## Your assignment
Nothing but the lines below from the one that contains "Context: Main Image: The" through the one that contains "While the ice" should be retyped, exactly and including both ends. Do not include pictures.

Records supplied: Begin

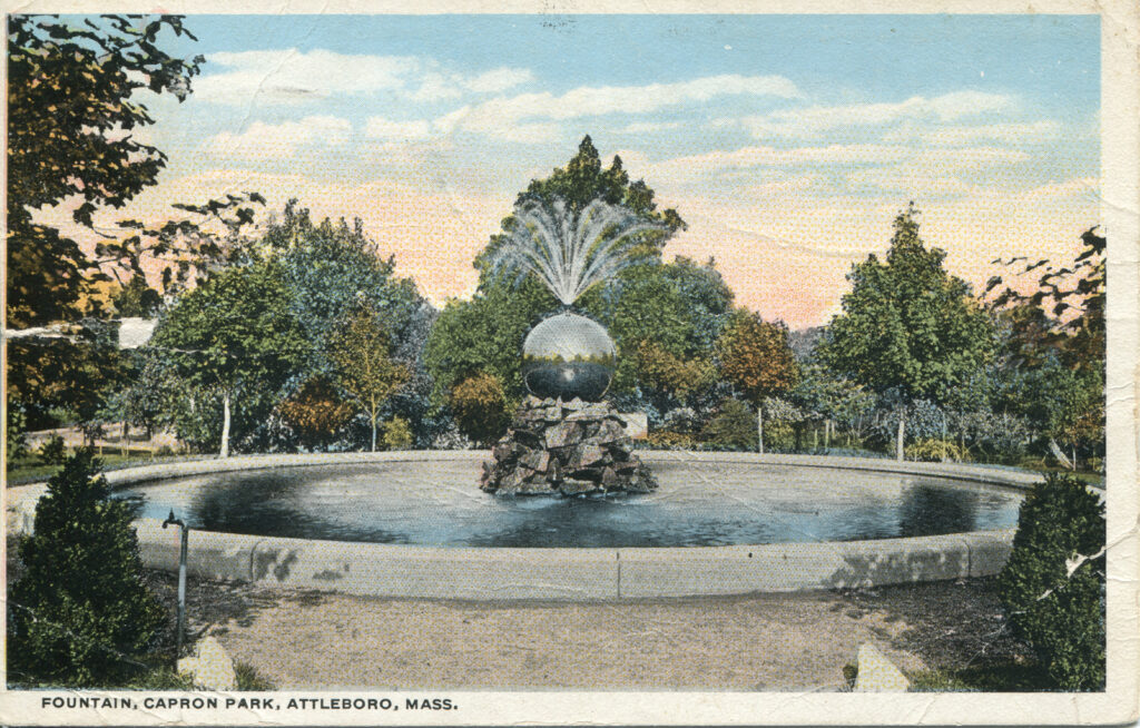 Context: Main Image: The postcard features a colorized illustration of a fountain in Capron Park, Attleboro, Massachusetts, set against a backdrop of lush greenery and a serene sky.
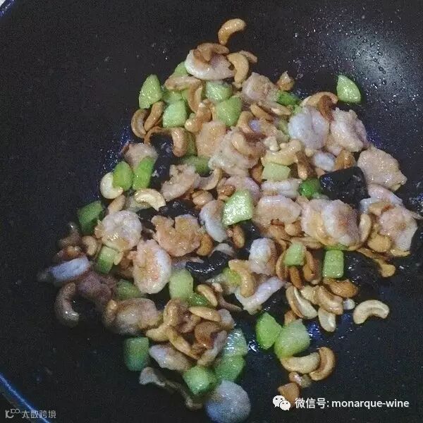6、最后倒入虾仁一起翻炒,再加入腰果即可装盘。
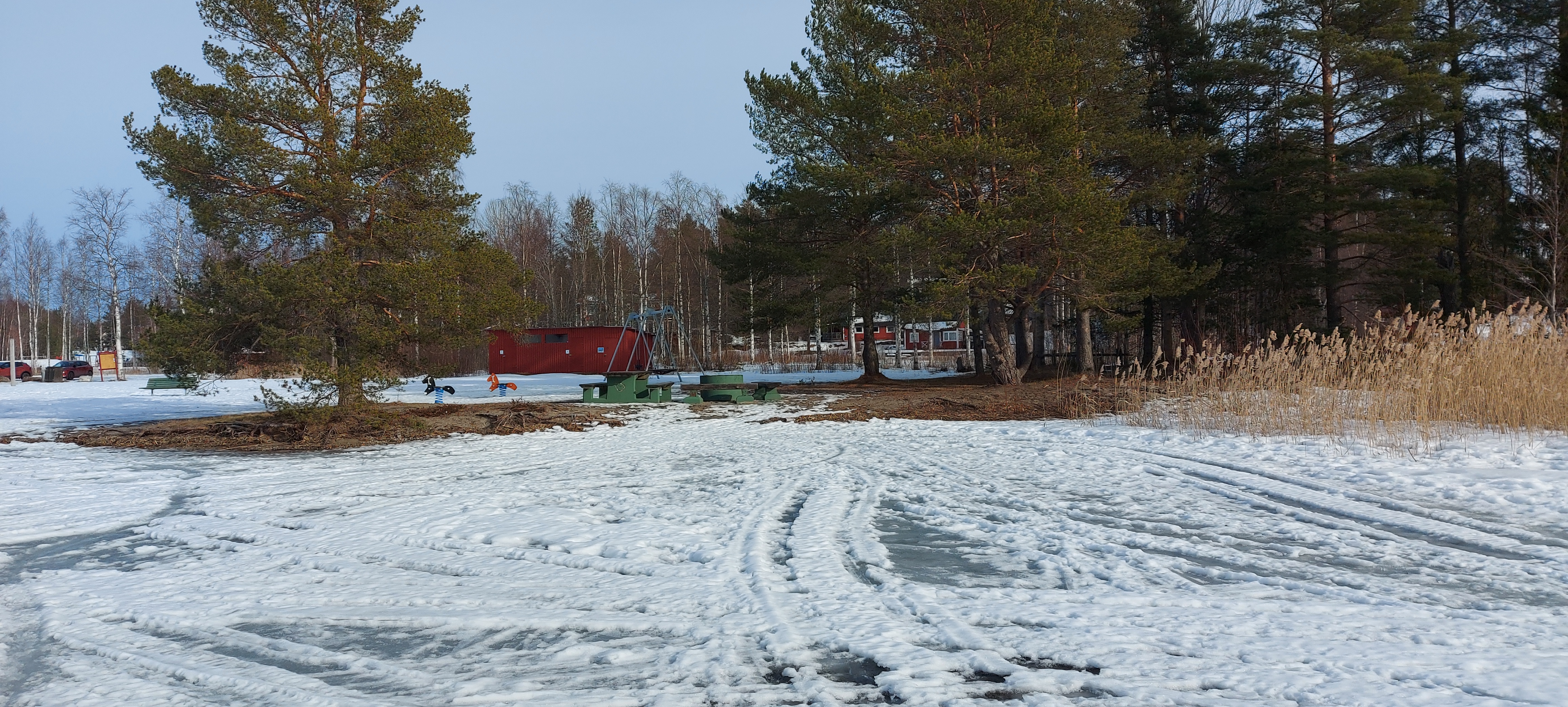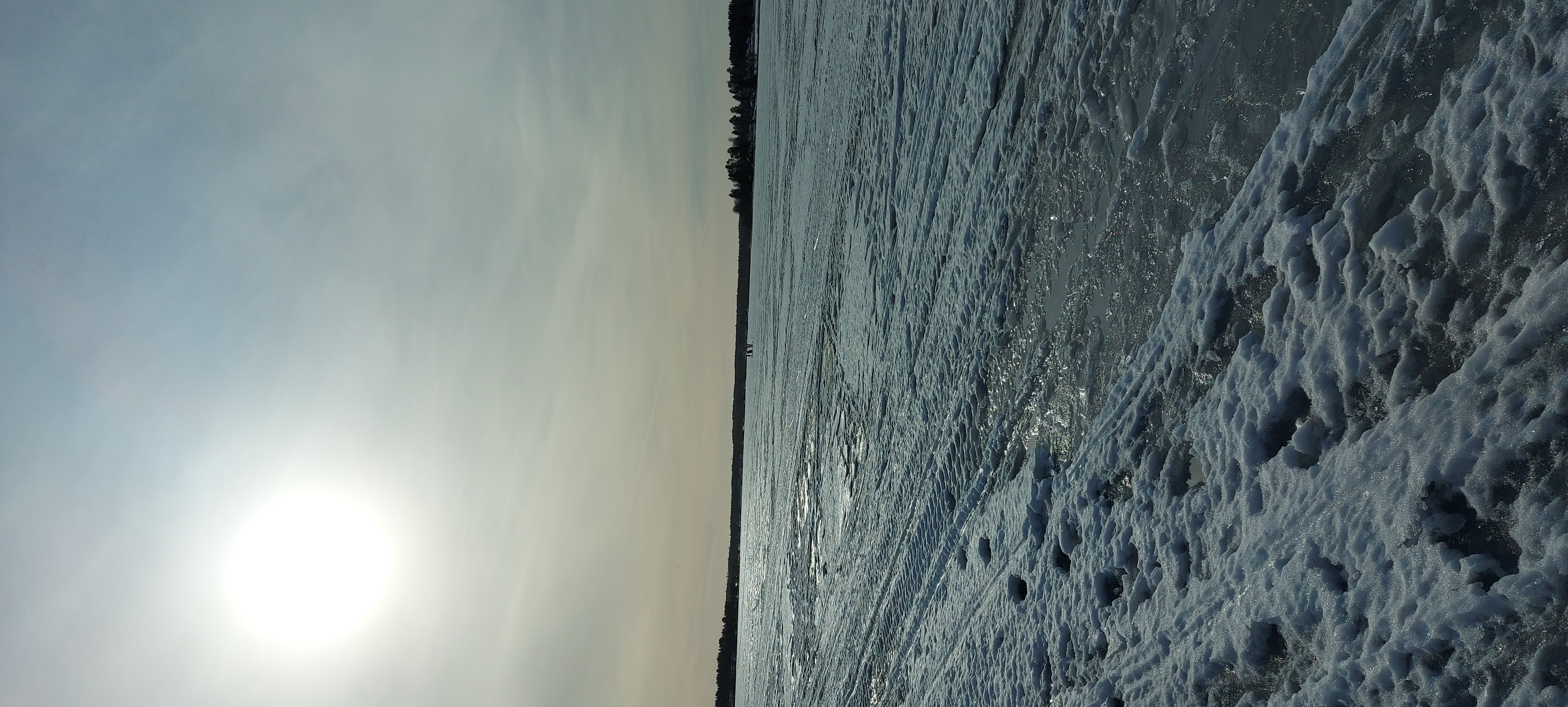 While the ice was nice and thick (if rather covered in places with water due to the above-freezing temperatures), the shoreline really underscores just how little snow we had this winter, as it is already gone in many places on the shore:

Records supplied: End
Records supplied: Begin

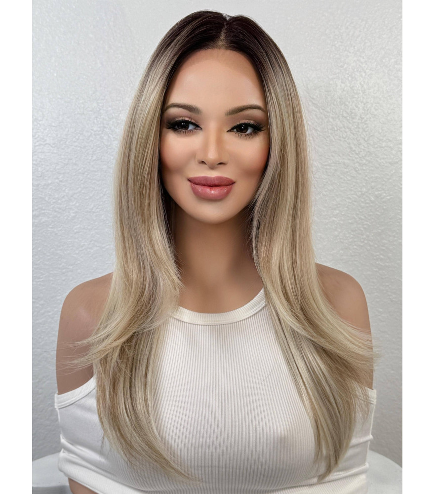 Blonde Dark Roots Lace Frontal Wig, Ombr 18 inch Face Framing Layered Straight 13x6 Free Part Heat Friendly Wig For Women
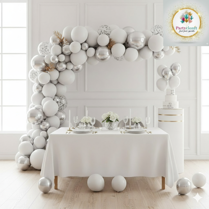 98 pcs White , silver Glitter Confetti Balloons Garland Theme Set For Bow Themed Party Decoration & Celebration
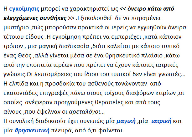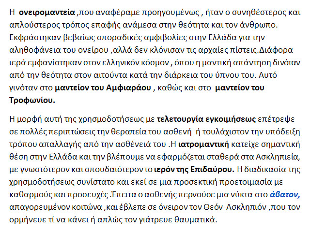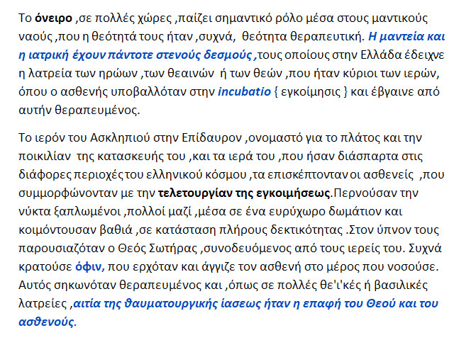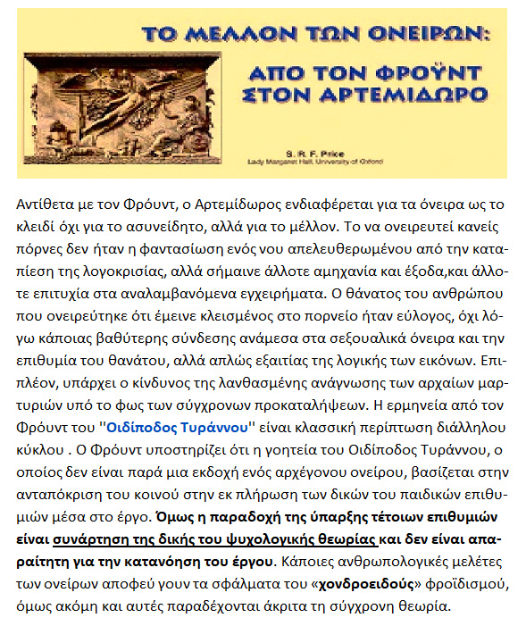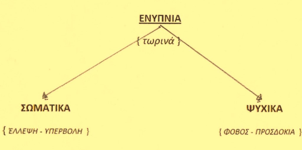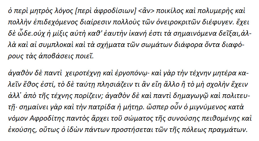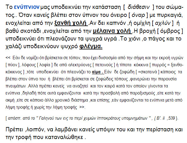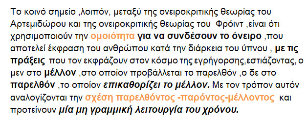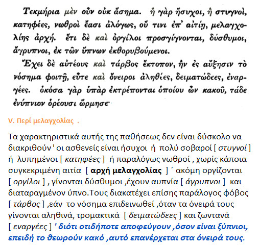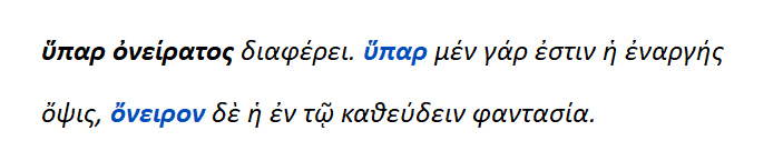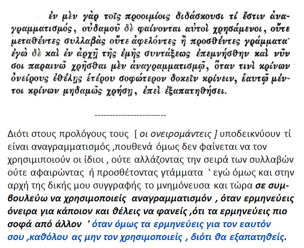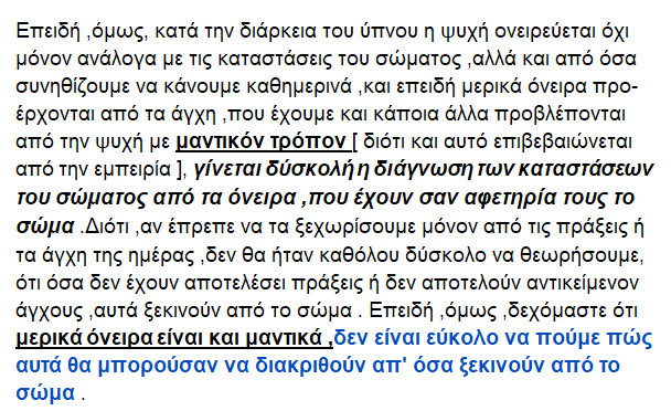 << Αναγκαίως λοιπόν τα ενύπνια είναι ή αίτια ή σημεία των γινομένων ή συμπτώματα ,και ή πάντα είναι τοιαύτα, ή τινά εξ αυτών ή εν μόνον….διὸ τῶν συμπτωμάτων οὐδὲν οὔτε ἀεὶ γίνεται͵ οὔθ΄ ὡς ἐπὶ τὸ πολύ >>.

Records supplied: End

## Answer to this problem
 Context: Main Image: The postcard features a colorized illustration of a fountain in Capron Park, Attleboro, Massachusetts, set against a backdrop of lush greenery and a serene sky.
6、最后倒入虾仁一起翻炒,再加入腰果即可装盘。
 While the ice was nice and thick (if rather covered in places with water due to the above-freezing temperatures), the shoreline really underscores just how little snow we had this winter, as it is already gone in many places on the shore:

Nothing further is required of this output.